The New Role: Forward-Deployed Engineers
In a strategic shift, TCS has announced plans to build a dedicated team of up to 8,900 'forward-deployed engineers' (FDEs). These are not back-office coders, but specialists who will be embedded directly with clients. Their primary role is to accelerate
AI adoption at the client's site, customising tools and integrating AI models into existing business processes to solve specific, real-world challenges. According to TCS CEO K Krithivasan, this group will eventually constitute 1% to 1.5% of the company's entire workforce, signalling a major investment in this new, hands-on consulting role. This move highlights a crucial evolution in the IT services landscape: the value is no longer just in building AI models, but in effectively deploying them to generate business impact.
Why the Focus on Client-Side Problem Solving?
The IT industry is moving past the experimental phase of AI. Clients are no longer just asking for AI capabilities; they are demanding measurable business outcomes.
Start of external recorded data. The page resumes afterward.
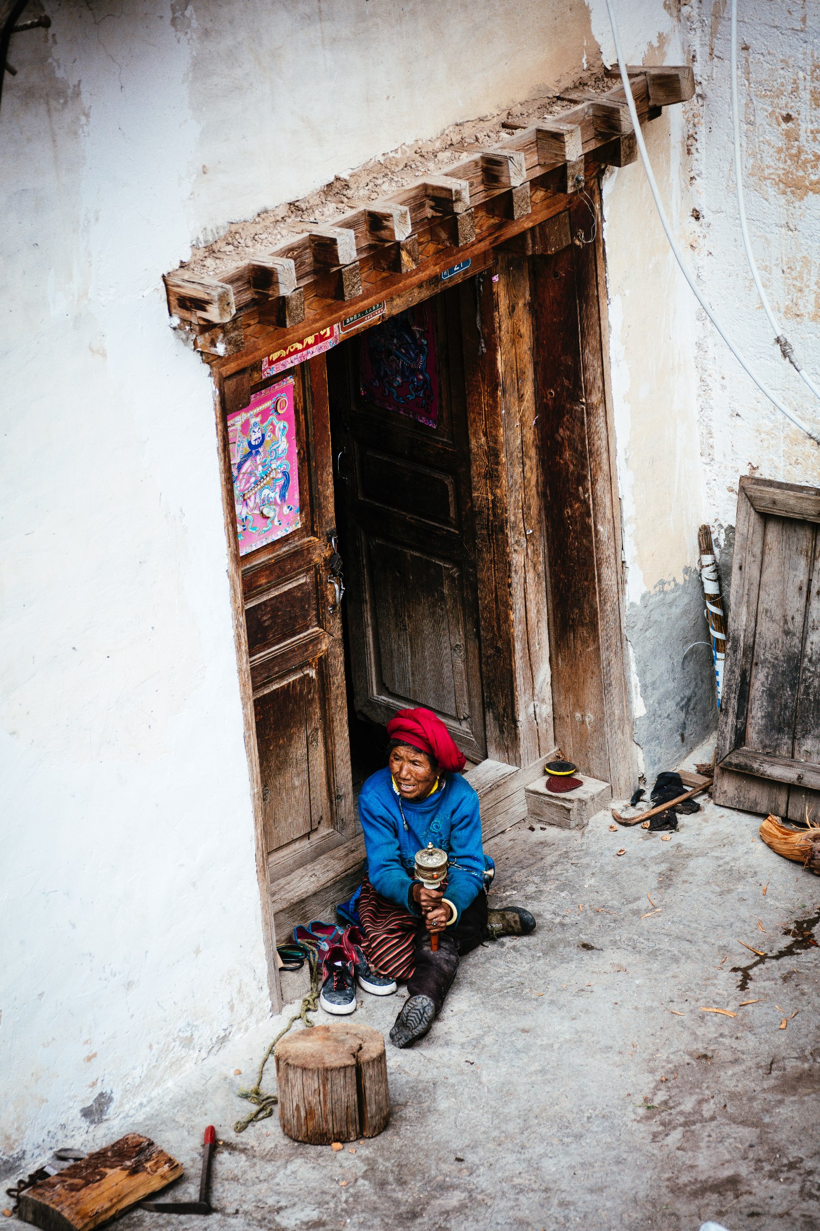 Der Trail führt steil im Zickzack hinunter. Unsere Spitzkehrentechnik wird mal wieder auf die Probe gestellt. Der Wald lichtet sich und wir kommen an einen reißenden Fluss. Etwas überrascht über die Szenerie überqueren wir eine Brücke und folgen dem Weg flussabwärts. Noch größer ist unsere Überraschung, als das erste Haus seit fünf Tagen am Wegesrand stehen sehen. Und tatsächlich haben wir hier im ersten Stock ein Lager für uns. Nach den Tagen in feuchten und schäbigen Holzbaracken genießen wir die unerwartet saubere Abwechslung. Bis hierher haben wir nicht mehr als 20 Leute getroffen. Rund um die kleine Behausung tummeln sich etwa genauso viele. Im Untergeschoß befindet sich ein kleiner Lebensmittelladen. Zum Transport der Ware werden bunt geschmückte und mit riesigen Lautsprechern bestückte Motorräder verwendet. Auch müde Pilger können den Weg über den letzten Pass auf diesen zurücklegen. Natürlich begleitet von chinesischer Folklore Musik in ohrenbetäubender Lautstärke. In uns keimt die Hoffnung auf einen durchwegs fahrbaren Weg.
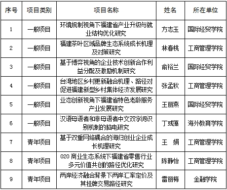 近日,福建省哲学社会科学规划办公室公布了2019年度社会科学规划项目立项结果,bsport官网推荐项目中9项获得立项资助(其中一般项目6项、青年项目3项),立项数位居省应用型本科高校前列。
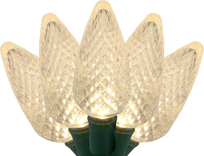 - [ 25 C9 WARM WHITE NON-TWINKLE LED LIGHTS ] Set of 25 warm white C9 steady LED lights spaced 8 inches apart on green wire, 6-inch lead with fused stackable male plug, 17 feet total length. Please check bulb size before ordering (see "C9 Set Dimensions" graphic). C9 bulbs are larger than C7. Overall height of 3" vs 2.1".

Almost every client conversation and deal now has an AI component, according to TCS leadership. This requires a different skillset. It's one thing to build a powerful algorithm, but it's another to understand a client's unique operational environment, identify a business problem, and then tailor and deploy an AI solution that delivers efficiency or growth. TCS has stated that deep knowledge of the customer's environment is the key differentiator. This shift is also a response to investor concerns that AI could reduce demand for traditional IT services. By focusing on high-value, client-facing deployment services, TCS is positioning AI as a growth engine, not a threat to its business model.
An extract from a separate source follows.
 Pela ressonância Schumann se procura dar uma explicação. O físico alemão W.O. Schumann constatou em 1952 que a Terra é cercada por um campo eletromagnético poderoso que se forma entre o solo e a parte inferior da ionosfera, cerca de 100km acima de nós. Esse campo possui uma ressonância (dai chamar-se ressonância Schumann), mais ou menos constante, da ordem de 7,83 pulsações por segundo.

The New AI Skillset in Demand
For tech professionals in India, this trend redefines what it means to be 'AI-skilled'. While foundational technical skills like Python, machine learning algorithms, and deep learning expertise remain crucial, they are now just the starting point. The new emphasis is on a blend of technical and business acumen. Professionals need to be adept at 'business problem framing'—the ability to translate a commercial challenge into a technical specification that an AI can solve. Other emerging roles TCS has highlighted include prompt engineering, AI model testing, and AI life-cycle management. The ability to work with various AI models—from expensive frontier models to more cost-effective open-source options—and select the right one for the right workload is a critical value-add. Furthermore, as AI becomes integrated into business operations, skills in AI governance, security, and responsible deployment are becoming top priorities for enterprises.
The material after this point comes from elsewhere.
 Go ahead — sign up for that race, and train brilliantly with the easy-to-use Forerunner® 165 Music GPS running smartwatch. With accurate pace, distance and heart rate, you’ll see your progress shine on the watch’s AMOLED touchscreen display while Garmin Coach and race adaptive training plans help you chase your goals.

What This Means for India's Tech Professionals
The message from TCS, India's largest software services firm, is clear: the path to a successful career in AI now runs through business application. For engineers and developers, this means looking beyond the code and understanding the 'why' behind the 'what'. Building a portfolio that showcases real-world problem-solving—even on a small scale—is more valuable than ever. While TCS has reassured that AI will augment, not replace, its workforce, it has also stated that the historical link between revenue growth and headcount will break. Value will be measured by productivity gains and innovation. To support this transition, TCS is investing heavily in its workforce, spending approximately $1 billion annually on talent development, upskilling, and making AI accessible internally. This signals a massive opportunity for professionals willing to evolve, adapt, and combine their technical prowess with a consultant's mindset to become the client-side AI problem solvers of tomorrow.